• [Problem to work on]: Directions for the data below: repeat exactly the lines from the one with "Rückseite mit geschlosserner" through the one with "另一个值得注意的情况是,前十", both included, and omit all pictures.

• [Exercise data]:
————

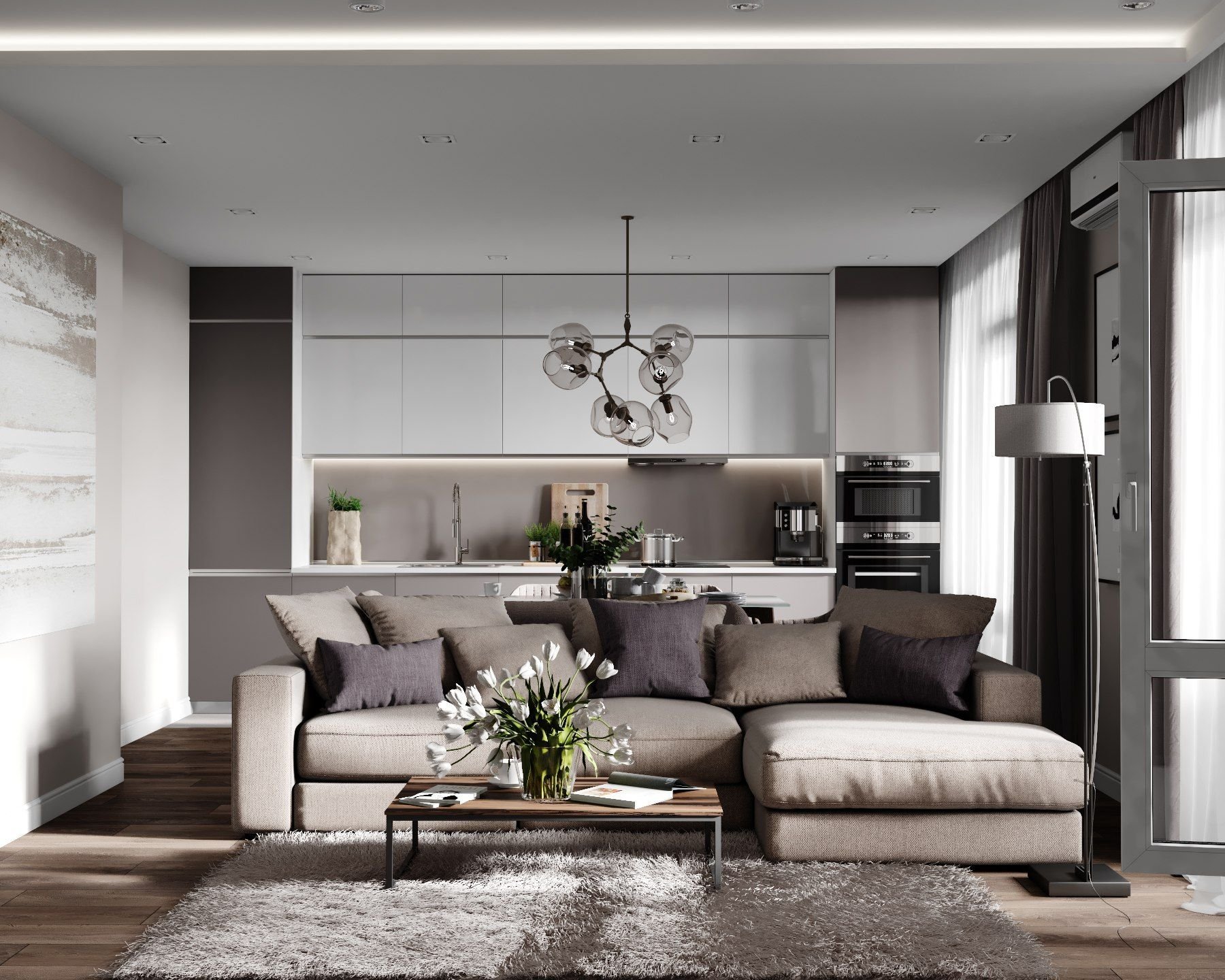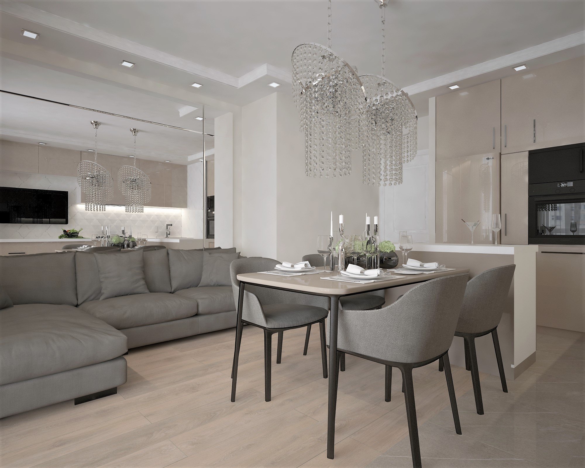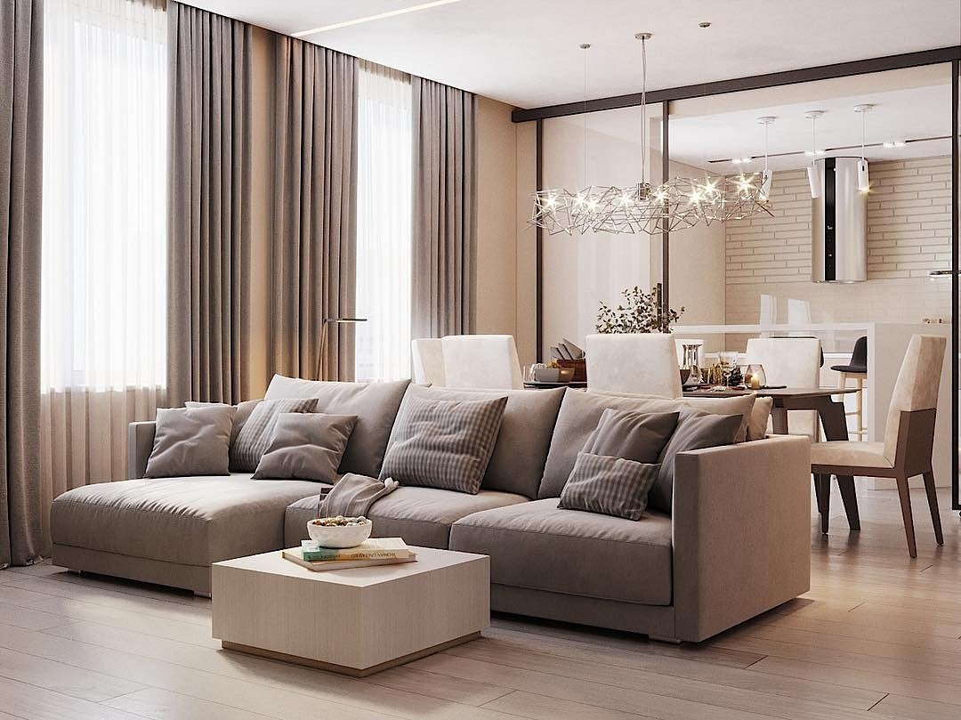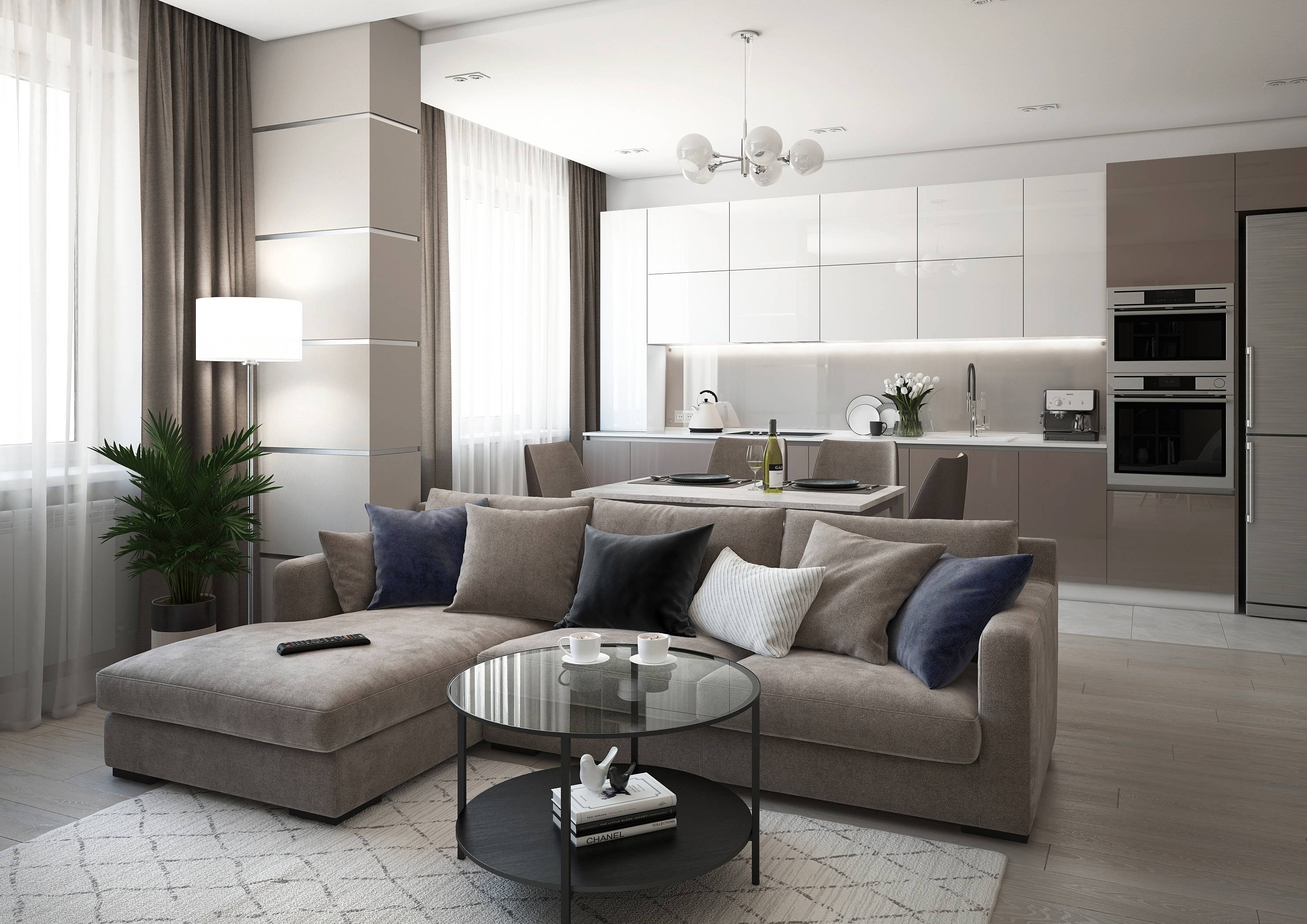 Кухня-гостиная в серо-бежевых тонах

————

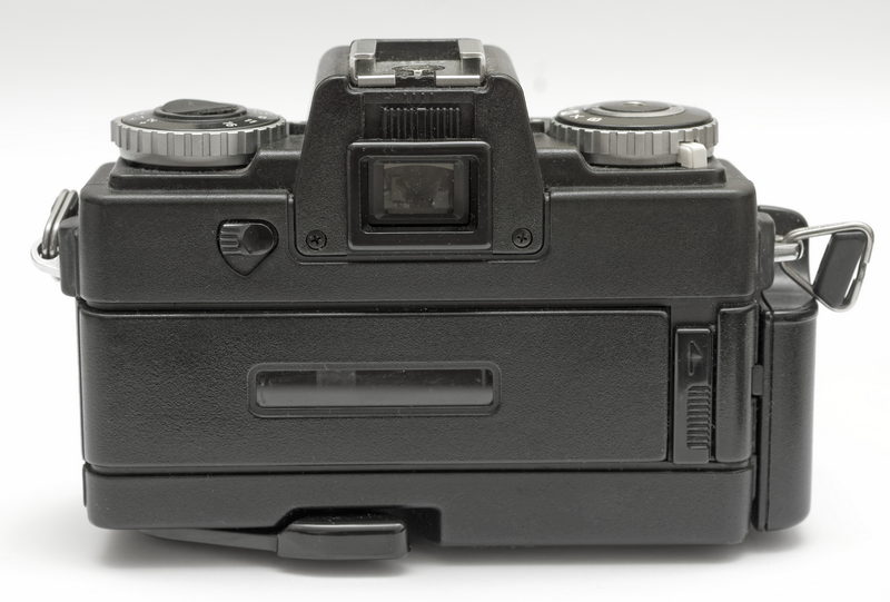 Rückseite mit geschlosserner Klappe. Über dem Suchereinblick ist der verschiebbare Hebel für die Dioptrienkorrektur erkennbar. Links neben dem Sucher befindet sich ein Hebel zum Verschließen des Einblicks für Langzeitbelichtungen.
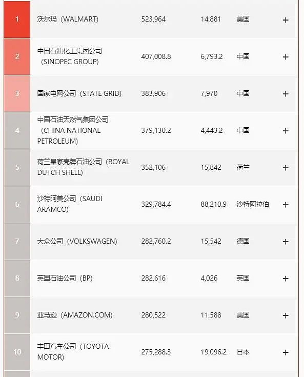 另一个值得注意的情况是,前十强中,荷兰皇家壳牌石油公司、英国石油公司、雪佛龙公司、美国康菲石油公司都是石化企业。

————

• [Response]:
 Rückseite mit geschlosserner Klappe. Über dem Suchereinblick ist der verschiebbare Hebel für die Dioptrienkorrektur erkennbar. Links neben dem Sucher befindet sich ein Hebel zum Verschließen des Einblicks für Langzeitbelichtungen.
 另一个值得注意的情况是,前十强中,荷兰皇家壳牌石油公司、英国石油公司、雪佛龙公司、美国康菲石油公司都是石化企业。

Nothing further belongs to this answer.